Where did you get that little guy? If its f7, Im going to say no, its probably peruvians. I got similar ones from Frank who gets them from a local breeder in the west end (also a forum member.. forgot the name). I got those ones too, and some of the younger ones do look similar to true altums, but they are not. They are actually a scalare. Anyways, if you let us know your stock origin, you will get some better feedback.



Marowana said:


> sold to me as F7 altum. they were tonnie size, some look better than others in the same brood. $5.
> 
> btw, how do you tell if altums are true?


----------



## Marowana (Jul 28, 2009)

yes i got mine from frank's. he has 2 tanks of them, one from another hobbyist and one from his tank at home. i went with the smaller ones that Frank bred. 
thanks for the ID guys


----------



## Lee_D (Jun 11, 2010)

JimmyJam,

I don't think BA carries True Altums. They will be the Peruvian ones that are essentially fancy Skalars. I think the reason they have so many die off's is that they bing them in from Soft Acidic water and dump them in Hard Basic local water. Once they are acclimatized here, the customer then puts them back in Soft Acidic. That's what happened to mine. I bought 5 in September and they seem to still be doing fine, but I don't think the water changes were good for them.

I recently decided to slowly bring them back to local burlington water to reduce the RO costs but I think that was a mistake. They are hiding more than they used to and the parasites that were dormant seem to have become active. I'm going to take them back to the soft acidic water and see what happens.

Lee


----------



## Zebrapl3co (Mar 29, 2006)

Here's a first hint to fake Altum guys. If they are F# then they are peruvian altums. The real deal can not be captive breed. Only a few people on this planet claim to have succeeded. I have never seem any asian place that breeds them as well. It's been tried. But I don't recall seeing any success.

*Never pay again for live sex! | Hot girls doing naughty stuff for free! | Chat for free!*


----------



## Jackson (Jan 30, 2009)

Zebrapl3co said:


> Here's a first hint to fake Altum guys. If they are F# then they are peruvian altums. The real deal can not be captive breed. Only a few people on this planet claim to have succeeded. I have never seem any asian place that breeds them as well. It's been tried. But I don't recall seeing any success.
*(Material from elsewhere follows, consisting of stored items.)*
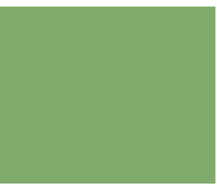
G - MEDIUM TEXTURED FINISH - ORGANIC GREEN SW6732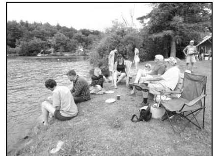
"Take Tinmouth to the Lake"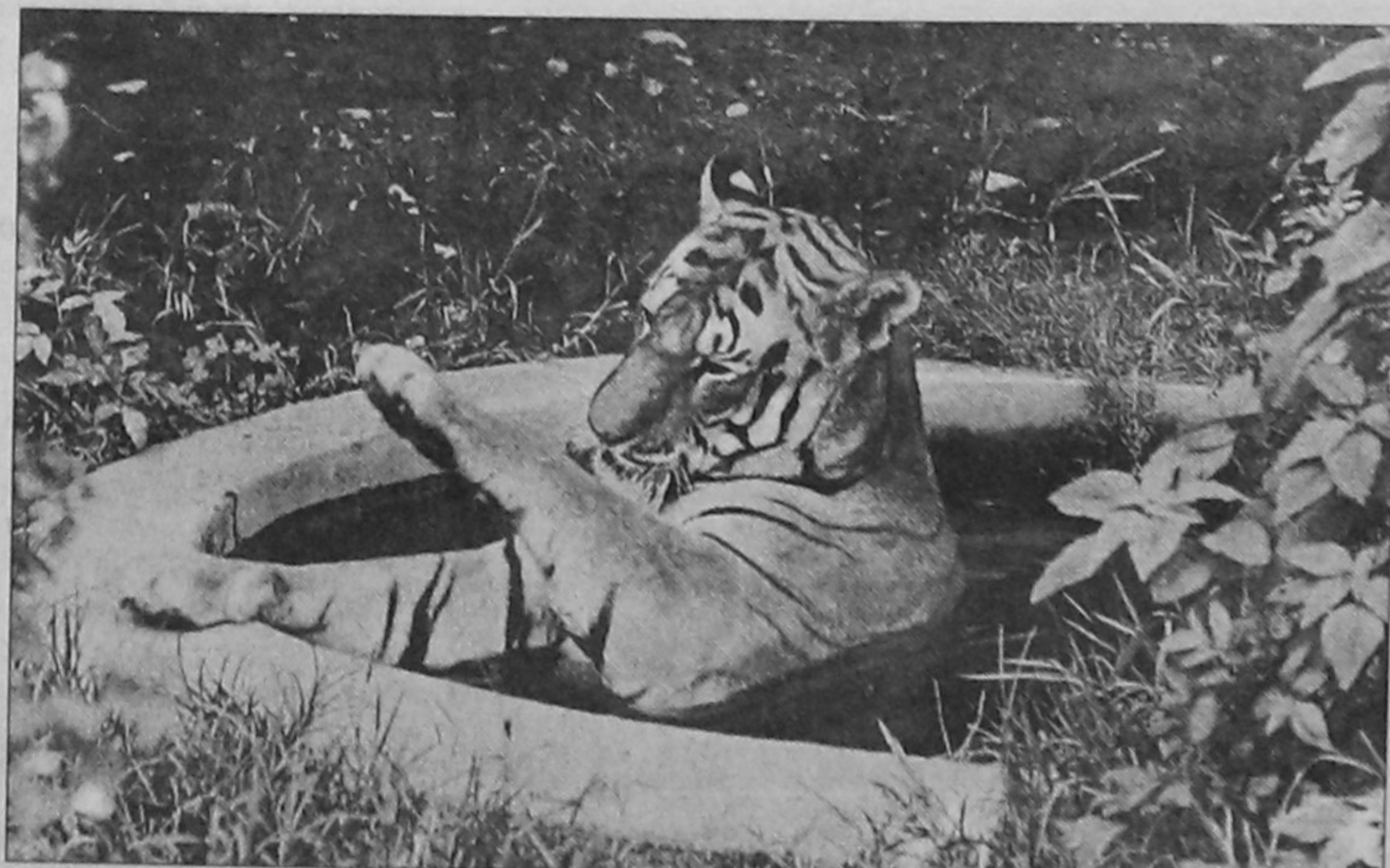
A tiger cools off in a pond at the central zoo at Jawalakhel in Kathmandu yesterday. Temperatures around the Nepalese capital were as high as 28 degrees centigrade on the hot sunny day.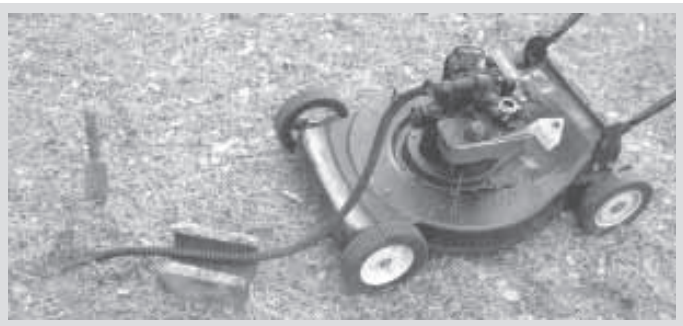
Rickard runs an old mower about 10 min. to "smoke" out moles in their tunnels. A piece of concrete under the hose keeps it from burning the grass.

Rickard flattens the tunnels, and then returns later to see which are active. Then, he pushes the hose into one of them, packs the soil around it, and runs the motor for 5 to 10 min. "I can tell if it's doing some good by the smoke coming out of the far ends of the tunnels. This will get the moles behind the walls and under flowerbeds," he says, add-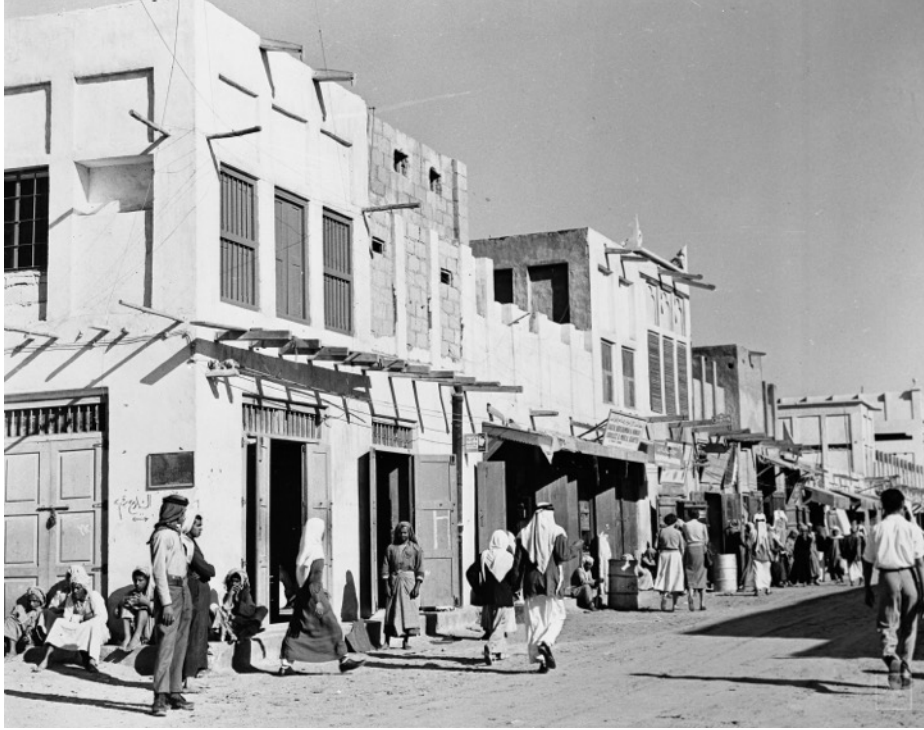
Figure 4. King Khalid street in 1954 showing architectural language still rooted in its traditional past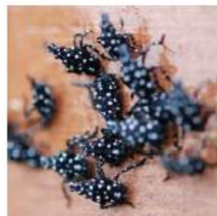
Second Instar: June - July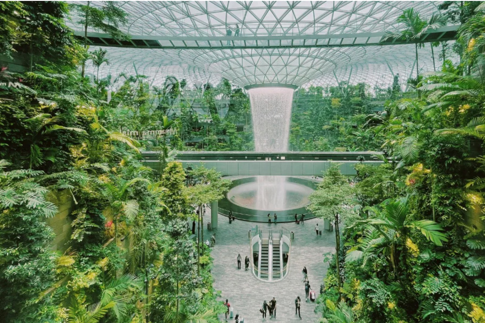
Jewel Changi Airport, Singapore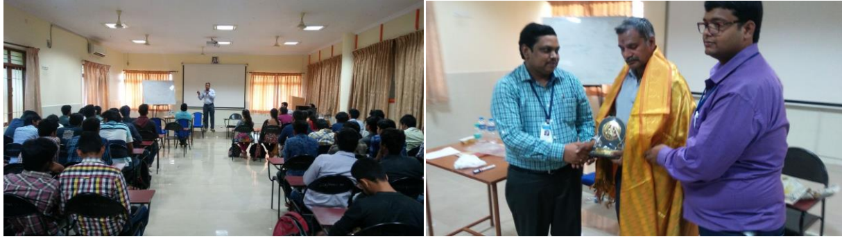
13. One day National Conference on RECENT ADVANCES IN MECHANICAL ENGINEERING(NCRAME-17) on 02.12.2017 organized by Department of Mechanical Engineering sponsored by Siddhartha Academy of General and Technical Education, Vijayawada.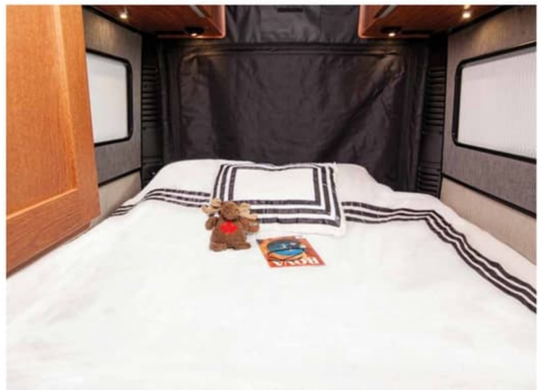
Rear lounge area easily transforms into a sleeping area with a comfortable king size bed.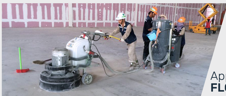
Application with FLOOR SANDER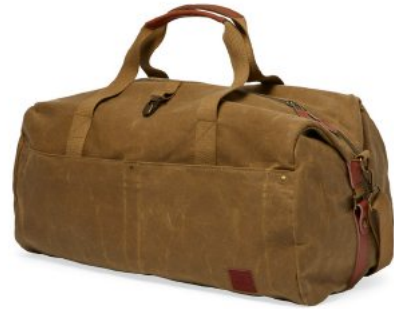
**OLIVE BROWN 05549-OLVBN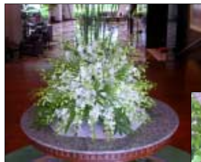
More blooms from Thailand, Rose Garden Hotel.

Now, this rule will have to be amended depending on humidity and potting material, but there's a good place to start, don't you think?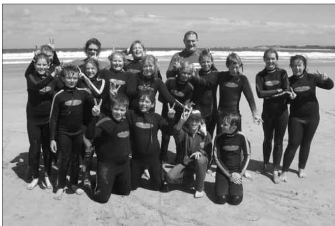
Another photo from the Year 7 Anglesea Camp — Surfies!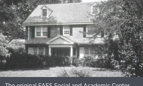
The original FAES Social and Academic Center still stands at the corner of Old Georgetown Rd. and Cedar Ln.

Some 60 years ago, 11 visionary NIH scientists built a bridge—or more precisely, a virtual network of bridges-to help newcomers navigate the intramural research community. Today, that vast infrastructure, a nonprofit called the Foundation for Advanced Education in the Sciences (FAES), Inc., not only provides a pre- and postgraduate-level academic program with 150 courses and 40 core biotechnology training workshops yearly, but also sponsors concerts, book readings, scientific lectures, symposia and other cultural events, administers a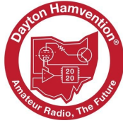
HAMVENTION QSO PARTY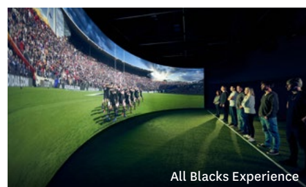
All Blacks Experience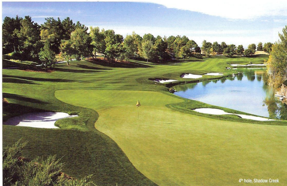
4 th hole, Shadow Creek

Guests at Las Vegas' premier resorts including Bellagio, ARIA Resort & Casino at CityCenter, The Mirage, MGM Grand and Mandalay Bay, among others, are granted privileged access to Shadow Creek.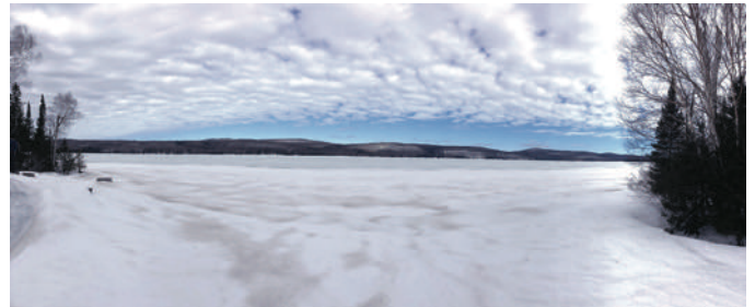
Little Gratiot River looking towards Gratiot Lake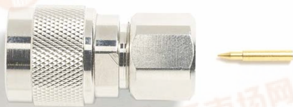
Model 73051 N Type Plug, 50 Ohm, Clamp Type, RG8, 213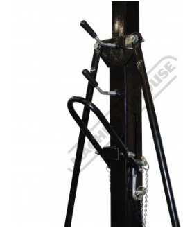
Lever Action Beam Height Adjustment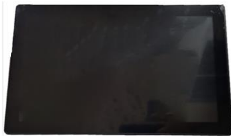
Non-black panel effect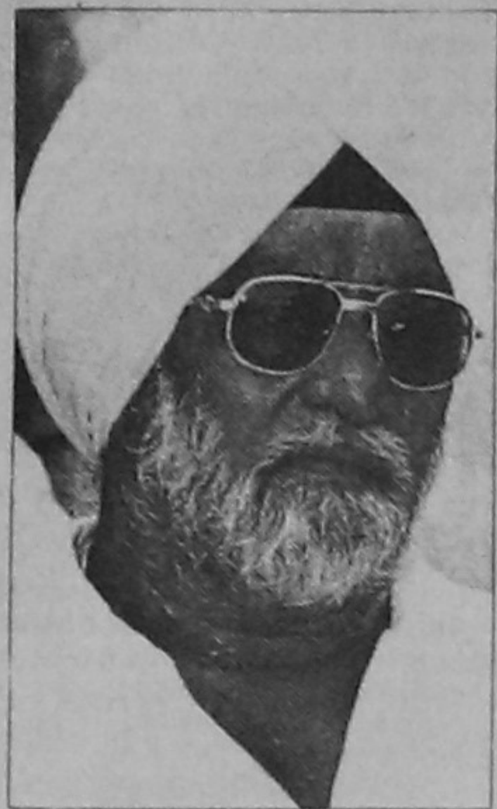
Bishan Singh Bedi (Former Indian captain)

"I don't know. I am not an expert. It is for the administration to decide. The ball is in their court. They must come clean."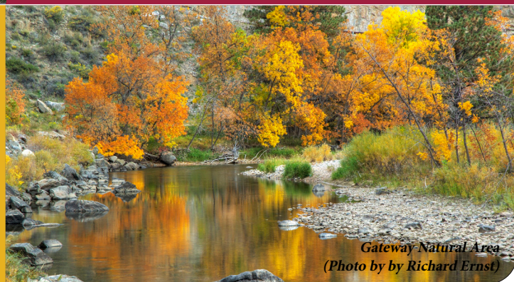
Gateway Natural Area

Global climate change and extreme weather events are expected to increase and the impacts on natural resources will be profound, including shifts in plant and animal communities, increased fire and flood events, and alteration in the Cache la Poudre water temperature, flows, and water quality and quantity. Land conservation and restoration could play a role in mitigating the effects of local climate change.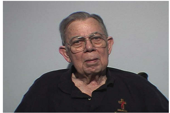
Fig. 2. Patient's anterocollis markedly improved within 4 weeks after treatment with BoNT (Botox® 75 U in the right and 50 U in the left scalene).

(Jankovic, 2008; Ashour and Jankovic, 2006). BoNT has been used in the treatment of axial postural abnormalities, including scoliosis, with variable success. In one study, six of nine patients with lateral axial dystonia (scoliosis) reported benefit as indicated by improvement in the Trunk Dystonia Disability Scale and visual analog scale after EMG-guided injection of 500 U of Dysport® into paraspinal muscles at the level of L2–L5 on the side of the trunk flexion (Bonanni et al., 2007).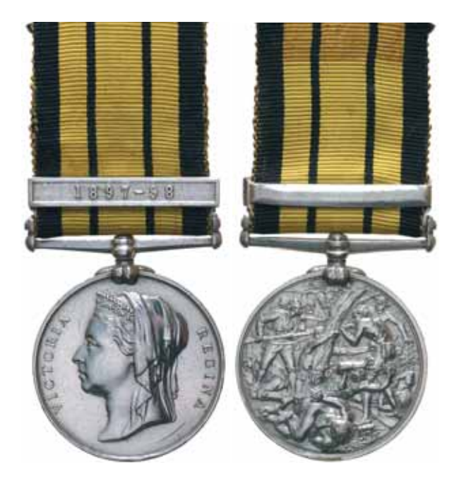
3915* East and West Africa Medal 1892, - clasp - 1897-98. Gnr: Gariba Kaniki. N.Nigeria Arty:. A few small rim bumps, otherwise very fine.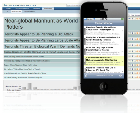
The RAC uses type size and color to indicate importance of threat items. Large type items indicate high relevance.

Using client-determined key words and Digital Sandbox's proprietary analytics, the TM scores and prioritizes incoming information items, constantly updating and reprioritizing, depending on the incoming news feeds and events/activities they are reporting.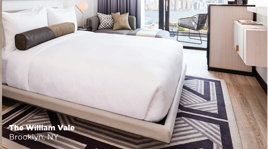
The William Vale Brooklyn, NY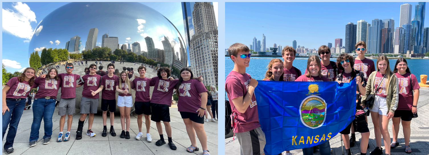
Representing the state of Kansas, Girard High School FBLA members attended a National Competition in Chicago.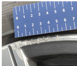
Scratches greater than 25mm in length and wider than 1mm.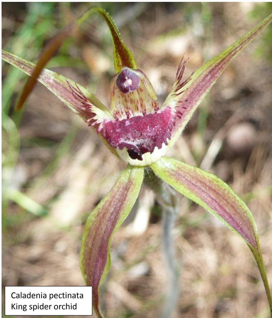
Caladenia pectinata King spider orchid

The early and consistent rains this year have led to a wonderful orchid display. These are some of the species we've seen this quarter.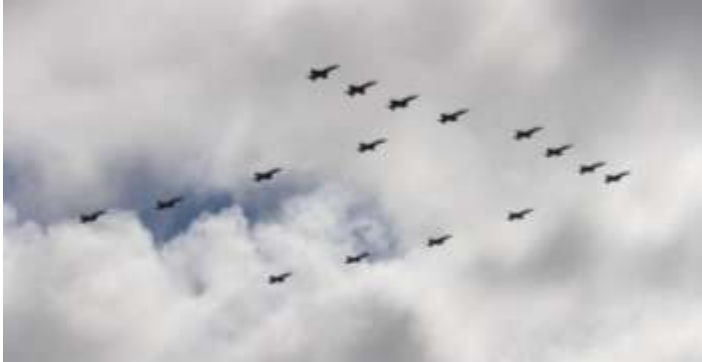
77SQN Birthday Flypast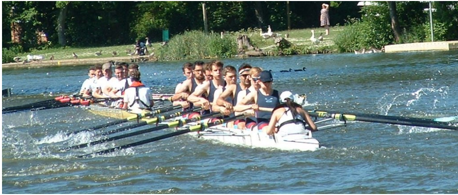
The Men's 2nd Eight closing on Magdalen II for their 3rd bump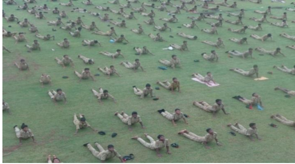
International Yoga Day on 21 Jun 2016 at Neyveli Centre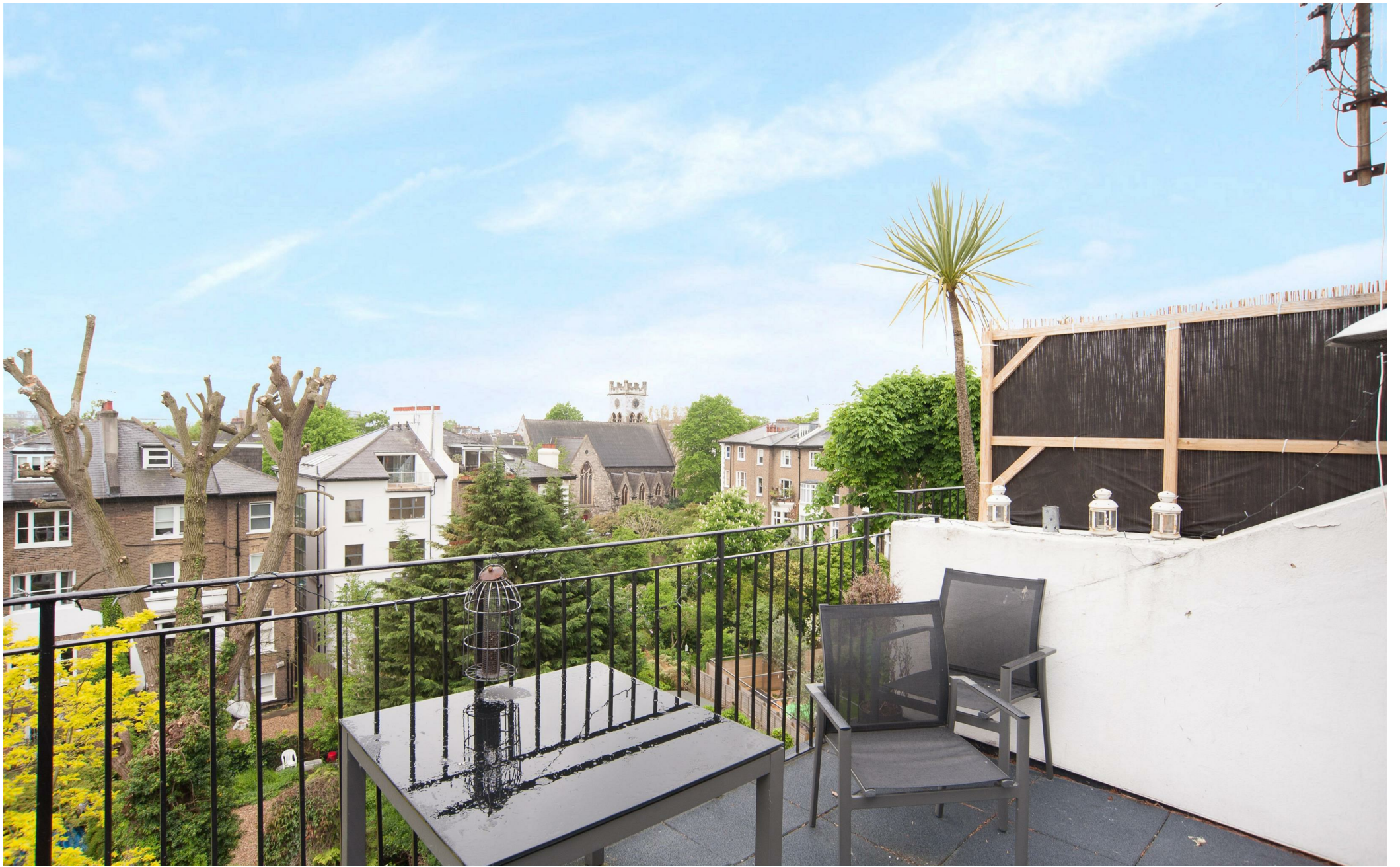
Belsize Park Gardens NW3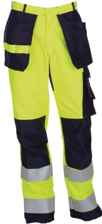
Flamtech Craftsmen Trousers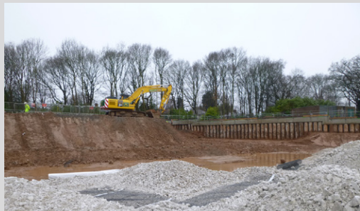
March 2016 commenced exposing the piles following the completion and curing of the capping beam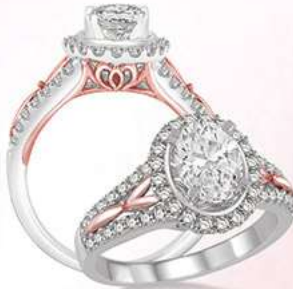
6C 242A3SM .55 DM 14K Center stone size - 1 to 1 1/4 ct. $3,050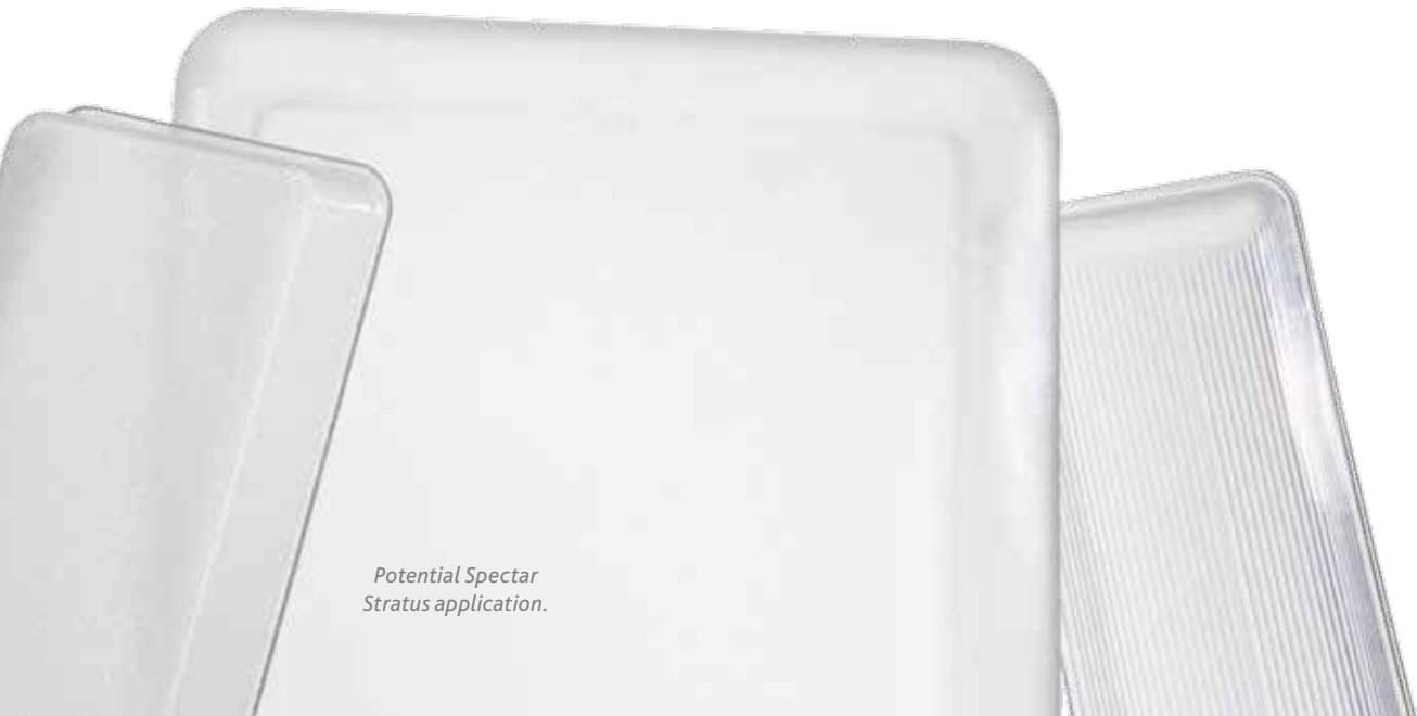
Potential Spectar Stratus application.

There are large scale breeding set ups of true altums now. It has been done and proven it's real. North America is way behind. East Asia has more than a few guys spawning them.


----------



## kev416 (Aug 22, 2010)

I don't know if they were originally crossed with a wildtype like rio (red shoulder) manacapuras or leopoldis. The far east altums body shape is off and at times is missing bars. The wildcaught high body altums are still quite distinct.


----------



## jimmyjam (Nov 6, 2007)

Im 100% sure they are real. I can distinctively tell the difference, and they were real, but they couldnt aclimitize them well enough in the big system to sell many before they died. Any scalare ones would not have that much trouble keeping in the system.



Lee_D said:


> JimmyJam,
> 
> I don't think BA carries True Altums. They will be the Peruvian ones that are essentially fancy Skalars. I think the reason they have so many die off's is that they bing them in from Soft Acidic water and dump them in Hard Basic local water. Once they are acclimatized here, the customer then puts them back in Soft Acidic. That's what happened to mine. I bought 5 in September and they seem to still be doing fine, but I don't think the water changes were good for them.
> 
> ...


----------



## jimmyjam (Nov 6, 2007)

I am almost 100% sure that the luckys ones are real. Take a look at the pics of one of the larger ones. The dragon ones are f2s, but they might be crossed, they def do not look 100% altums, they are some what genetically flawed (what he says is due to in-breeding). Some of the bars of their stock look flawed and they def do not have the fin span as true altums should. But with that being said, there are a few that are gorgeous and still worth the money.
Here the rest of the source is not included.